I think it's essential to participate so that we don't feel so alone. We get out of our head and abandon our addictive thinking. We must have others who can recognize our backward thinking and help us change. By participating we start to shed our old thinking.

I have a list of guys that I regularly call from my Tuesday and Saturday groups. Guys like Brigham, Troy, Sean W, Joel M, David G, Justin B, Ryan L, David LA, Stephen and Paul and others that I have yet to meet. It's good to identify a new person to call in the coming week to introduce which I sometimes have done.

There are several boundaries that I've set to help me practice "progressive victory over lust" such as not using certain apps on my phone (twitter), not using the explore feature on Instagram, not numbing out and browsing the web or apps. I have Covenant Eyes installed on all devices to help block certain material on my phone, which is great. I try to go to bed at a reasonable time.

I see the emphasis on surrender. Once we stop and turn our will over to God that's when He can start to guide us. Change our thinking.

"We stop feeding lust through the eyes, the fantasy, and the memory." I continue to fantasize about sex. I always want it to be better. I think that I missing out on what some other married people may be getting. Also, my youth was saturated with pornographic material and reading material and I formed many of my sexual thoughts back them. I know that it was all wrong, but I can't forget it entirely, so memory is a problem. Currenltly, I also can lust through seeing in many different ways, movies and shows, outside my home on the street in stores etc. Women wearing provacative clothing.
Why? That is the part I am interested in. I wonder if working the steps of the 12 step program can help me know "how" to stop "feeding lust...."

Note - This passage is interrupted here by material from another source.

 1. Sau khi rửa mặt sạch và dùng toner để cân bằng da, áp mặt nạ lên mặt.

I am strengthened when I worship with others at church. We hear talks and testimonies and study the scriptures and conference talks together and we are edified and strenghten against the onslot of unchurchy things we are going to have to live through during the rest of the week. We also can call our church friends with questions and for assistance during the week.

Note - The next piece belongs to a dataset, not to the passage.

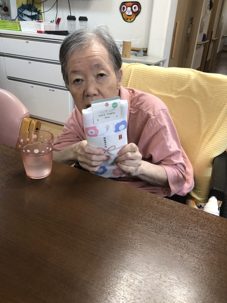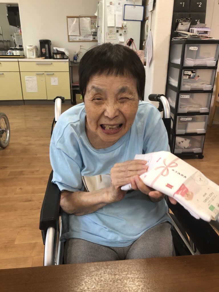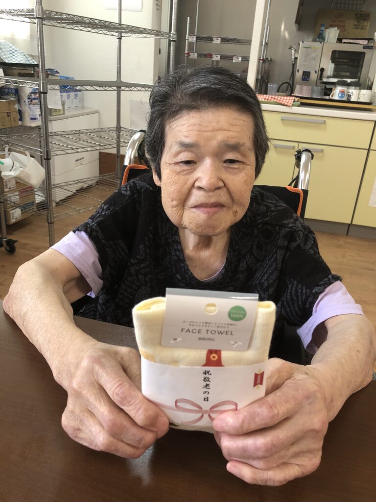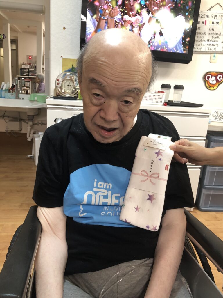 9月15日、敬老の日の、ささやかなプレゼントと美味しいお菓子でのお祝いの様子をお届けします。

I think that we would be benefited in the same way by being fellowshipped by our fellow sex/lust addicts who are strongly desirous of being clean again.

I have not made that commitment to contact another person yet, but I already contacted one person and he and I talked for sometime on the phone and he directed me to the SAL meeting in our town Thursday night.

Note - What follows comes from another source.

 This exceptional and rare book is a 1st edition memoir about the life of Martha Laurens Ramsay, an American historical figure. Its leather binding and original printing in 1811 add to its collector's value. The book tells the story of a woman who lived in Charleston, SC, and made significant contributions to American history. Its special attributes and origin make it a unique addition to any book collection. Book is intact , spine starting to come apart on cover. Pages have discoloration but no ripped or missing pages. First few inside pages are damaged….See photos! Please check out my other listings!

First, after agonizing over my last mishap, I went to my bishop and he has me coming back in two weeks. He asked me to consider attending sex addict meetings to strengthen me against the mishap again. These were both very hard things to do, but I did them and I think they will, eventually, help me to progress towards a victory over lust.
Second, I am doing this SAL12 Step program which I hope will help me to progress towards a victory over lust.
Third, I intend to talk with my wife and to be forthright and honest with her. The last couple of times I masturbated, I went to my bishop each of these occured and was forgiven. I did not have anymore problems for years, but I did it again. So, having Susie know might help me towards a victory over lust.
I expect to understand this term better later in my recovery program.

I would guess that we must stop practicing our compulsion in all its forms, stop trying to control everything around us and let go, surrender our complusion and surrender our lives to God. This is a very difficult concept for me to fully understand since I have typically worked hard to control my life's events. But, I am desperate to change so I am willing to try to surrender and hopefully let God operate and become effective in my life.